Entrenamiento de perros sordos

Se puede pensar que entrenar a un perro sordo es difícil. Pero los perros son expertos en leer el lenguaje corporal, por lo que las señales manuales son tan efectivas como las señales verbales. De hecho, los perros sordos pueden aprender tan bien como los que escuchan.

Solo hay que usar señales visuales en lugar de señales verbales o sonoras. Es más, debido a que los perros son tan buenos para leer el lenguaje corporal, el entrenamiento puede ser más fácil de esta manera. El truco es tener una señal clara para cada instrucción, y mantener esa señal de manera constante.

Educadora canina entrenando a perro sordo

Primeras señales para los perros sordos

Órdenes como “siéntate”, “quédate”, “abajo” y “ven” se pueden indicar con señas. Pero para los perros sordos también es necesario una instrucción a través de lenguaje de señas para frases como “mírame” y “buen perro”.

En este sentido, la parte más difícil de entrenar a un perro sordo es indicarle que preste atención sin distraerse con el entorno, por lo que la primera parte del lenguaje de señas que hay que enseñarle es “mírame”.

Una vez que el perro sordo ha aprendido a “mirar”, es el momento de enseñarle el lenguaje de señas para las instrucciones básicas. Para facilitar las cosas, es importante comenzar el entrenamiento  del perro en un lugar sin demasiadas distracciones. Se recomienda que las sesiones de entrenamiento sean breves, entre cinco y diez minutos, al menos tres veces al día.

Durante las sesiones de entrenamiento, es importante hacerle saber a tu perro que ha hecho un buen trabajo, no solo dándole golosinas, sino también transmitiéndole la idea de que es “¡buen perro!”, como lo haríamos con un perro oyente. Esto generalmente se indica con un pulgar hacia arriba, seguido de muchas caricias y frotamientos de barriga. El uso de golosinas solo debe ser temporal, por lo que es vital elogiar al perro sordo  mediante el uso de lenguaje corporal y señales con la mano.

Ten en cuenta que…

Sentir lástima por un perro sordo no le favorece en absoluto. Y, de hecho, lo pone en riesgo de no poder alcanzar el equilibrio en el futuro.

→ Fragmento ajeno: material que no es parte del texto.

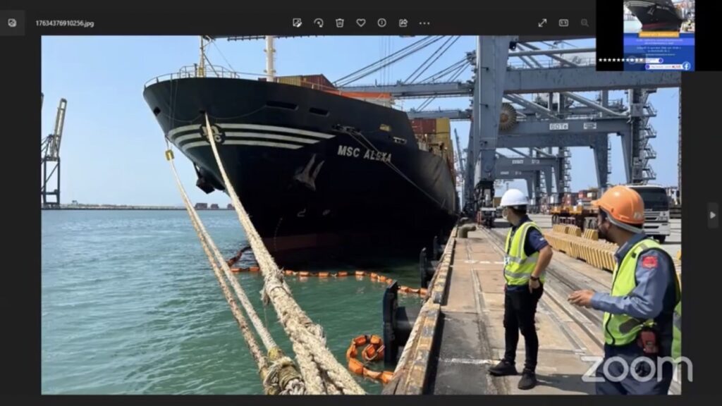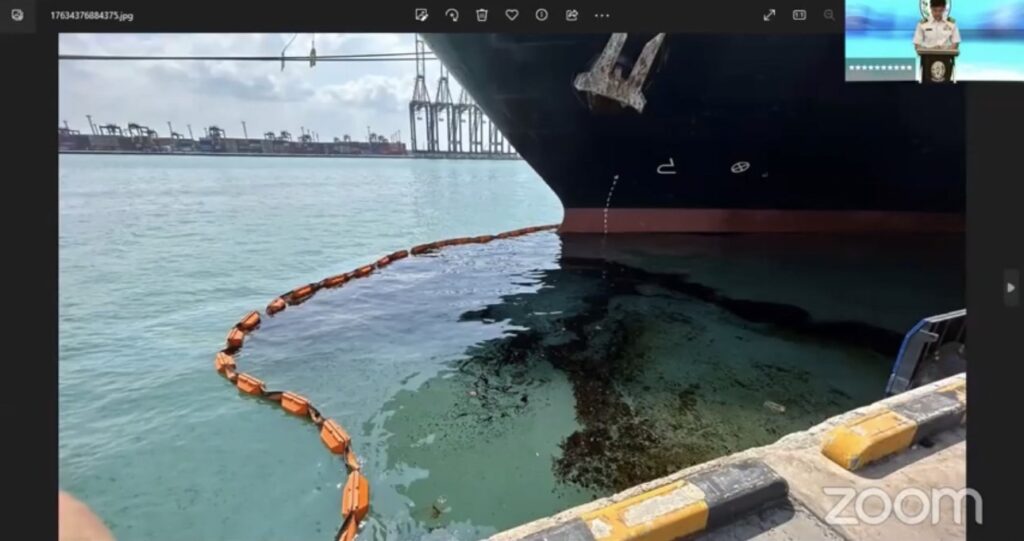 นายกันติ ชินสำราญ นิติกรปฎิบัติการ กลุ่มกฏหมายและความตกลงระหว่างประเทศ สำนักกฏหมาย กรมเจ้าท่า แถลงการดำเนินการ กรณีคราบน้ำมันรั่วไหลจากบริเวณข้างเรือ MSC ALXEA สัญชาติ PANAMA เทียบท่า C2 ท่าเทียบเรือแหลมฉบัง เมื่อวันที่ 12 กุมภาพันธ์ที่ผ่านมา โดยนายสรพงศ์ ไพฑูรย์พงษ์ รองปลัดกระทรวงคมนาคม รักษาการอธิบดีกรมเจ้าท่า ได้สั่งการให้สำนักงานเจ้าท่าภูมิภาคที่ 6 สาขาชลบุรี เร่งขจัดคราบน้ำมันที่รั่วไหล ลดผลกระทบต่อสิ่งแวดล้อม ดำเนินการตามกฏหมายอย่างเคร่งครัด และห้ามปล่อยเรือออกจากท่าเด็ดขาด

Es decir, dale afecto para recompensar el comportamiento tranquilo y equilibrado, pero no porque sientas compasión porque el perro no pueda oír. Él no conoce la diferencia. Ser consecuente con este enfoque es la manera de mantener en el animal un estado mental equilibrado, independientemente de cualquier discapacidad física.

Autor: Eva R.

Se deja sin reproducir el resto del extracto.